驚いたのか、ジョージアの体が一瞬ビクッとした。私は何も考えず、ただただ甘えるとギュっと抱きしめてくれる腕に力がこもった。
「いいのか……?公の意向は、アンナを公妃にした方が、国が潤うからと言っていたが……」
「国なんて、知りません!それは、公が自身で解決することですし、公妃を飾りではなく、きちんと
育てればいいだけの話です。今更、絶対無理でしょうけどね!それに、私はジョージア様だから結婚
したのですよ!アンバー領のことが大好きなのです。私を追い出さないでくださいね?」
私もジョージアに回した腕に力を込めた。
「あぁ、アンナが望まないのに追い出すわけがないだろう?アンバー領もコーコナ領もアンナが主導で
動いているんだ。俺の方こそ、アンナがいなくなってしまうと困る」
「ジョージア様でも、これくらいできますよ!」
「そんなことないよ。アンナが切り開いてきたからこそ、人が集まり領地も活気づき、みなが注目して
いるんだ。魅了された一人としては、アンナという人物が起こす事柄すべて俺は誇りに思っているし、
隣にいられることが幸せだ。アンナを支えることしかできないけど……」
「ジョージア様!支えることしかじゃないです。ジョージア様が、子どもたちがいるから頑張れますから!」
そうか……と呟くジョージアに、そうですよと囁き返す。
「私の中心は、ジョージア様ですよ。ここにしか、帰ってくる場所はないですから……本当に、私を
追い出さないで下さいよ?」
「あぁ、しない。そんなことしたら、アンジーやジョージにも恨まれる。ネイトは、まだまだ手もかかる
し、何より子どもたち、俺も含めてアンナが必要だから」
「ふふっ、よかった。ジョージア様にアンバーから追い出されたどうしようかとちょっと思ってしまった
んですよ。公にも、きちんと離婚はしないって言ってきましたから、後は、ジョージア様の意思が
どうかだけだったんですけど……その言葉を聞いてとても安心しました」
不安に思っていたのは、俺だけじゃなかったんだな……ため息交じりにジョージアのひとり言が耳に届くと、そんなふうに思わせてしまったことを申し訳なく思う。
「あぁ、それと……俺、ウィルに嫉妬してたかも」
「えっ?」
「いや、昔からだけど……いつもどこにいくのもアンナはウィルを連れていくだろ?ウィルもそれに文句
言わず、付き従うから。信頼関係が他の誰よりずっと深いように感じてた。まぁ、俺がウィルくらい
強ければ、いつでもアンナの側にいられるんだろうけどさ」
「今から、鍛えますか?」
冗談交じりに、提案してみる。返ってくる答えはなんとなくわかってはいるが、もし……ジョージア様がどこに行くのも側にいてくれるなら、それ以上に嬉しいことはない。

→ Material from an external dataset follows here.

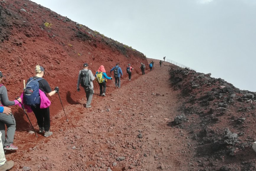 下山道【吉田口】 げざんどう よしだぐち 晴れの日には砂埃が多くなる。 下山道はブルドーザーと共用です。 小さな落石もありますので、ヘルメットもお忘れなく。 下山道はスコリアが多く、滑りやすいのでゆっくりと。 砂埃も多いので、マスクやサングラスを。転倒しないように一歩ずつ。 下山道はスコリアで滑りやすくなっており、登山した疲れも出てくるのでゆっくりと。 トイレの無い区間があるので、よく確認を。 登下山道通行可能期間:7月1日~9月10日 カテゴリ 体験 世界遺産・歴史・文化 自然・花・紅葉・天然水 住所 〒403-0005 山梨県富士吉田市上吉田北向 ツイート シェア 周辺情報を表示する 歴史・文化 自然・景観 温泉・レジャー 体験 おみやげ・直売所 Google Mapの読み込みが1日の上限を超えた場合、正しく表示されない場合がございますので、ご了承ください。

「ハハ……今更無理。俺は、アンナとウィルとの距離が近いのがずっと気になっていたんだ。たぶん、
ヘンリー殿より、ウィルの方がアンナの内側にいるだろう?」
「そうかもしれません。私の考えていることは、ウィルには筒抜けなんですよね……頼りすぎている
ことは、私も反省しています」
「アンナの心の所在がどこにあるのか、わかってはいてもだな……」
小さくため息をつくジョージアは、大きいくせに小さな子どものようであった。
「ジョージア様?」
「ん?」
「大好きですよ!」
「もちろん。俺もアンナを愛しているよ。はぁ……もっと頼ってもらえるようにしないとお飾り公爵って
言われそ……言われているのか」
「お飾りだなんて……私は思ってませんからね!ジョージア様が学んできたことを領地改革へどんどん
盛り込んでいるんですから!ジョージア様がいなかったら、もっと時間がかかっていました。ご協力
いただいたこと、本当に感謝しています!」
これからも頑張りましょうね!と呟くと、あぁ、一緒に頑張ろうと答えてくれる。
みなが私主導で改革をと思っているが、ジョージアの協力無くしてこんなに早く進むことはなかった。私にはアンバー領の知識が圧倒的に少ないので、蓄積されたジョージアの知識はとても役にたっているのだ。
表に出ていない影の協力者があってこそ。夫婦揃ってやっと一人前の領主となるのだから、勘違いしている世のみなを叱ってやりたい。
まだ、朝まで時間があるからお休みというジョージアに抱きつきながら、またスヤスヤと眠りにつく。
とても疲れていたのか、ジョージアの温もりに安心しすぐに夢の中であった。